A pesquisa foi realizada por um grupo de trabalho criado pelo MPF para analisar o racismo na atividade policial federal. Os pesquisadores buscaram investigar a relação entre a formação policial, a composição das forças e os resultados no enfrentamento desses crimes, levantando possíveis indícios de viés racial por parte dos agentes.

No entanto, os pesquisadores encontraram algumas lacunas nas informações obtidas. Por exemplo, 66% das pessoas detidas pela Polícia Rodoviária Federal (PRF) entre 2017 e 2022 não tiveram seu perfil étnico-racial informado.

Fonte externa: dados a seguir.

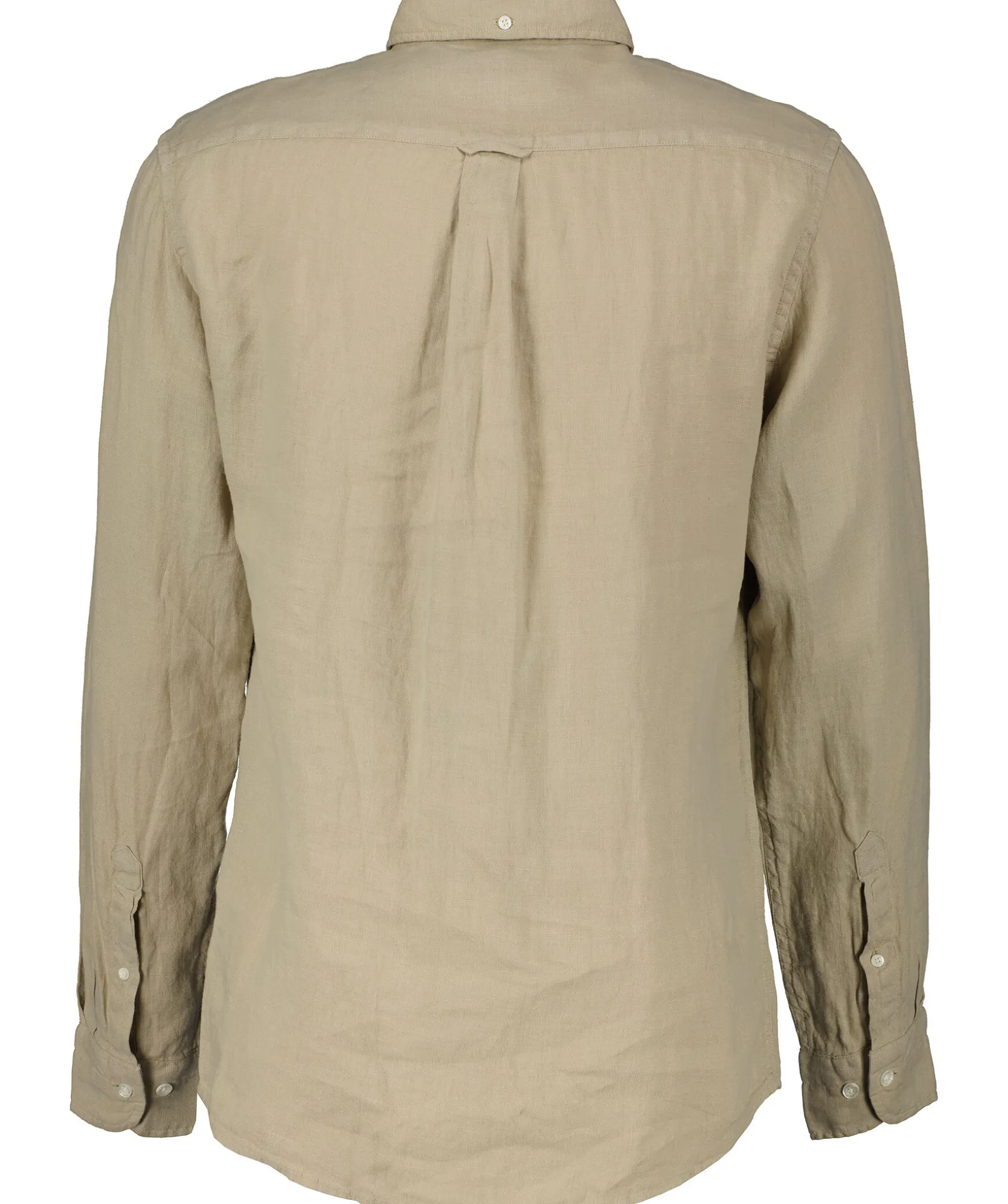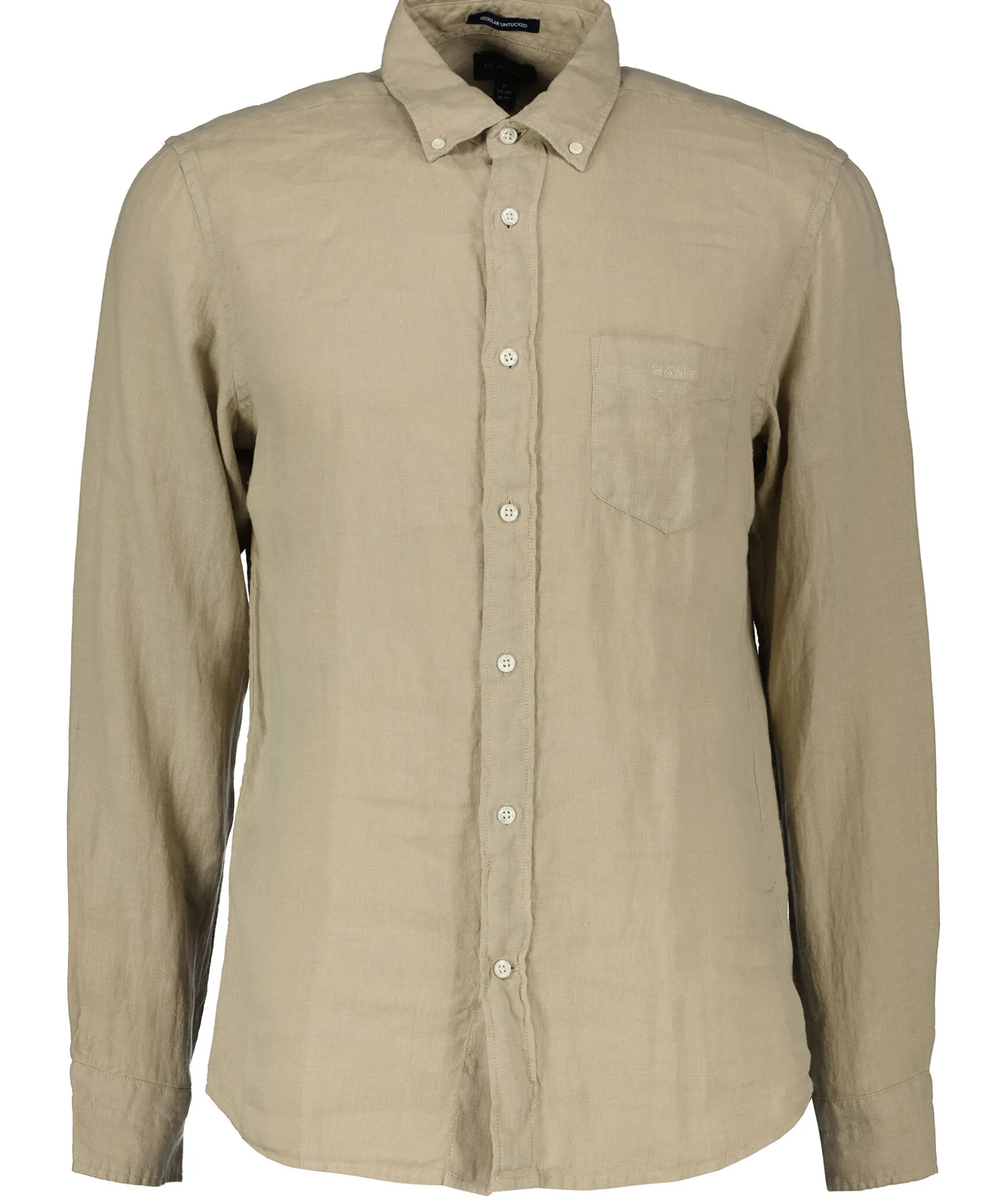 Beige Skjorta I Regular Fit Fran Gant. Tillverkad 100% Linnetyg. Har Vita Knappar Hela Vagen Fram, Button Down Krage Och Dubbla Manschetter. Liten Broderad Logotyp Pa Vanster Brost.

Além disso, não foi informado o perfil das 66 pessoas mortas por agentes da PRF no mesmo período, sendo que 23 delas ocorreram apenas no estado do Rio de Janeiro.

A pesquisadora Jacqueline Sinhoreto, da Universidade Federal de São Carlos, destacou a necessidade de aprimoramento na coleta de dados primários e nos protocolos de investigação. Segundo ela, é fundamental a adoção de protocolos e rotinas de coleta, armazenamento e disponibilização dos dados sobre as ações policiais. Além disso, ela ressaltou a importância de melhorar o treinamento policial e os protocolos de operação no combate ao racismo, à injúria racial e à tortura por questões raciais.

O estudo também revelou que a formação dos agentes possui uma baixa carga horária dedicada aos direitos humanos. Enquanto 150 horas são dedicadas a aulas de tiro e armamentos na PRF, apenas seis abordam o tema dos direitos humanos. Segundo a policial rodoviária Páris Barbosa, que integrou o grupo de trabalho, é necessário equilibrar o currículo dessas disciplinas para enfrentar a reprodução institucional do racismo.

Em relação à distribuição racial entre os agentes penais federais, o estudo identificou que há equilíbrio entre brancos e negros. No entanto, na PRF, o número de agentes brancos é mais de duas vezes maior que o de pardos e pretos. Além disso, na Polícia Federal, a maioria dos servidores em cargos de chefia são brancos, enquanto pardos e pretos representam apenas 27,1%. A PRF e a Polícia Federal foram questionadas sobre os baixos índices de indiciamento por crimes raciais, mas ainda não forneceram resposta.

Durante o seminário realizado pelo MPF para apresentar os dados da pesquisa, o diretor-geral da PRF, Antônio Fernando Souza Oliveira, garantiu que a instituição está em um momento de afirmação dos direitos humanos. Ele anunciou a criação de uma Comissão Geral de Direitos Humanos dentro da nova estrutura do órgão. O delegado Lucas Barros Lessa também destacou o projeto de transformação organizacional da PRF, que busca uma formação policial mais humanística.

A Secretaria Nacional de Políticas Penais (Senappen) informou que já disponibiliza cursos voltados para diversas temáticas, incluindo direitos humanos, diversidades e gênero. A instituição também está atenta ao tema específico do racismo e busca aprimorar suas práticas. Durante o seminário, a servidora Adriana Santos Silva representou a Senappen e destacou a criação de um comitê permanente de respeito às diversidades.

O estudo realizado pelo MPF evidencia a necessidade de promover mudanças estruturais e culturais na atividade policial federal, visando combater o racismo e garantir o respeito aos direitos humanos. Aprimorar a coleta de dados, investir em treinamento policial e revisar os protocolos de investigação são algumas das medidas apontadas pelos pesquisadores para enfrentar a baixa capacidade de produzir provas e autoria nos crimes raciais.